Winnie. ich selber bin der Ansicht das manche die Charm ihre Vorstellungen zu hoch Schätzen.
Alles was langer ist als 45 minuten ist, nach meiner Meinung, viel zu lang.
Wir selber spielen nur 25 minuten (Genau!) Besser die Leute sagen :"Schade sas es vorüber ist" als: Gott sei dank wir sind am Ende"
Ubrigens spielen wir immer ohne Pause


RE: Quatschecke 2014 - Ulrich Chmel - 16.12.2014 14:38

Lieber Winnie, ich habe einmal durch Zufall einen "Trick" entdeckt, die "Umbauzeit vor dem geschlossenen Vorhang " zu verkürzen. Meine einführenden Worte vor Beginn der Vorstellung enden immer mit dem Hinweis, daß alle Schauspieler aus Papier sind - dabei verwende ich eine meiner 1-m Dekorationsfiguren - vorne hui, hinten pfui, aber in ihnen schlägt ein Herz aus Papier, welches immer schneller schlägt, sobald es Applaus gibt, wenn die "Bühnenarbeiter" die Bühne für den nächsten Akt umbauen.
Das wirkt! Sobald der Vorhang unten ist wird applaudiert. Dui gewinnst auf dieses Weise ca. 20 Sekunden von ca. 1:20 Umbauzeit, in welcher eine Zwischenaktmusik zu hören ist. Längere Zeit "gebe ich mir nicht".
In den letzten Jahren habe ich ja überhaupt damit begonnen "offen" umzubauen, also das Publikum dabei zusehen zu lassen. Das muß natürlich entsprechend vorbereitet sein. Aber das ändert nichts an den ca. 1:20 Umbauzeit (mit Schnürboden!).
Lieber Harry! Wie sagst Du immer so richtig: "Wir sind schon wieder einmal einer Meinung" Smile - in allen Punkten! Bei meinen "Weihnachtsstücken" bin ich bei Deiner Spielzeit: ca. 30 - 35 Minuten. Da ich diese Stücke alle stegreif spiele hängt die Spiledauer von der Stimmung im Publikum ab.Exclamation


RE: Quatschecke 2014 - Brigitte L. - 16.12.2014 16:49

(16.12.2014 11:26)Winnie schrieb:  Bei meinen Aufführungen im Freundes- und Familienkreis war das nie ein Problem, da warten alle immer höflich, egal wie lange es dauert.

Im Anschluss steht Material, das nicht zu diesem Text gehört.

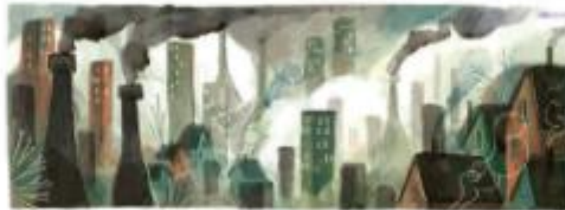
The houses grew into towns and the towns grew into cities. They built factories and shops and cars and planes. They worked all day and all night, until eventually...
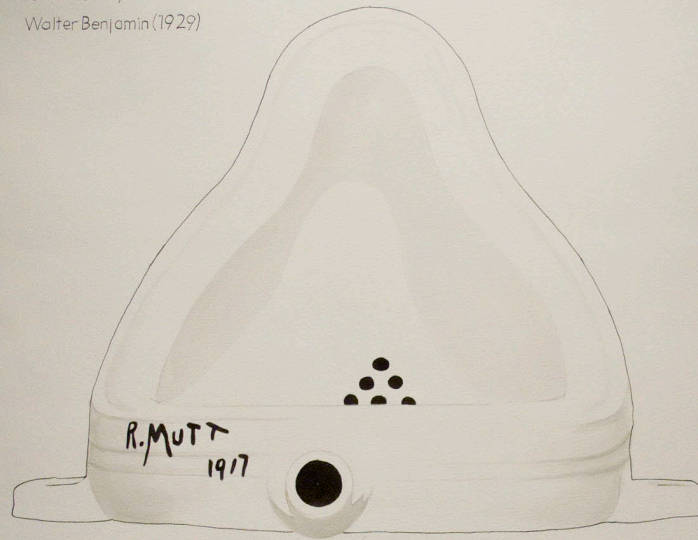
Fig. 1 - R. Mutt exhibits 'Fountain' (1917)

Big Grin Genau, bei mir auch.

Inzwischen merke ich, wie Ulrich auch schon schreibt, dass einige ohne Zwischenvorhang spielen und den Umbau sichtbar gestalten. Doch das sollte man auch zügig können. Es kann für den Zuschauer sonst langweilig wirken und ebenso wie bei zu langen Pausen, die Spannung unterbrechen.
Gesehen habe ich als Zwischenvorhang ein Motiv aus der nächsten Szene oder als Übergang zum Beispiel der Weg von William und Adson zur Abtei, oder eine nächtliche unheimliche Szene mit entsprechender Musik. Das ist nicht so eintönig, wie ständig den selben Vorhang zu sehen und macht Lust auf mehr.

Brigitte


RE: Quatschecke 2014 - Robert Jährig - 16.12.2014 21:02

Seit Ende November bin ich auf eine Kombination aus Tableleaux und Zügen übergegangen. Damit sind die Umbaupausen auf ein Minimum geschrumpft. Auch ist die umbauhecktik zugunsten eines entspannten und ruhigen auswechselns gewichen. Zum ersten Mal ist dies neue System, bei mir, am letzten Wochenende zum Einsatz gekommen. http://www.kulturverein-wolgast.de/veranstaltungen/fotogalerien/maerchenhafte-weihnacht/77-14-12-2014-märchenspaziergang/detail/1904-151#


RE: Quatschecke 2014 - Brigitte L. - 16.12.2014 23:25

Lieber Robert,
Der Einsatz von Tableleaux ist tatsächlich eine gute Möglichkeit Umbauphasen zu minimieren. Jedoch ist das Platzproblem nicht zu unterschätzen.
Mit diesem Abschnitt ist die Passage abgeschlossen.